W skrócie oznacza to, że użytkownicy mogą być zagrożeni.
"W zależności od funkcjonalności aplikacji, projektu i luk w zabezpieczeniach, możliwe jest szerokie spektrum uciążliwości, aż po wrażliwe dane, a nawet kradzież portfela (klucz prywatny). Niestety, nie jestem zaskoczony wynikami badań." - powiedział Ilia Kolochenko, CEO i założyciel High-Tech Bridge.
Kolochenko przypisuje słabe wyniki do braku nacisku na bezpieczeństwo w rozwoju mobilnym.

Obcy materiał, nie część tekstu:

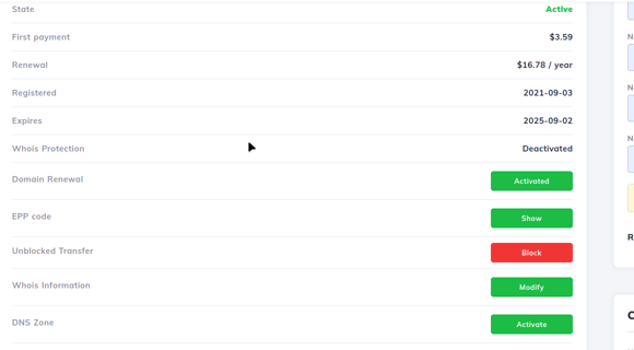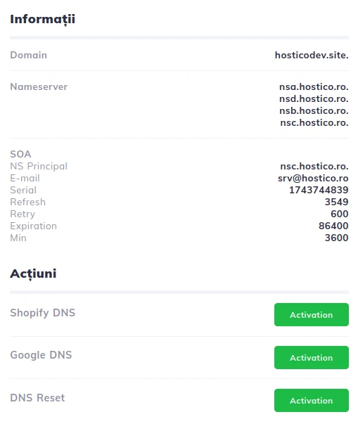 Auf der rechten Seite des Bildschirms befindet sich ein Fenster, das der Anzeige allgemeiner Informationen zu den aktiven DNS-Einstellungen für die Domain gewidmet ist. Sollten Sie die DNS-Zone an eine externe Plattform wie Shopify oder Google umleiten wollen, kann dies einfach über das Aktionsmenü in der Benutzeroberfläche erfolgen.

"Przez wiele lat firmy zajmujące się bezpieczeństwem cybernetycznym i niezależni eksperci zgłaszali deweloperom aplikacji mobilnych informacje o zagrożeniach związanych ze "sprytnym" rozwojem, który zazwyczaj nie oznacza braku ram dla zapewnienia bezpiecznego projektowania, bezpiecznego kodowania i technik hartowania lub testowania bezpieczeństwa aplikacji" - dodał.
Użytkownicy i programiści mogą korzystać z darmowego narzędzia do analizy bezpieczeństwa firmy Mobile X-Ray, aby podłączyć aplikacje mobilne i zobaczyć luki w zabezpieczeniach.
Jednakże, jeśli chodzi o zabezpieczenie funduszy, jest wiele rzeczy, które mogą pójść nie tak. Firma technologiczna sugeruje, że jej własne badania nie poszły wystarczająco daleko. Analizowali jedynie frontend aplikacji, a inne problemy mogą jeszcze występować w backendach.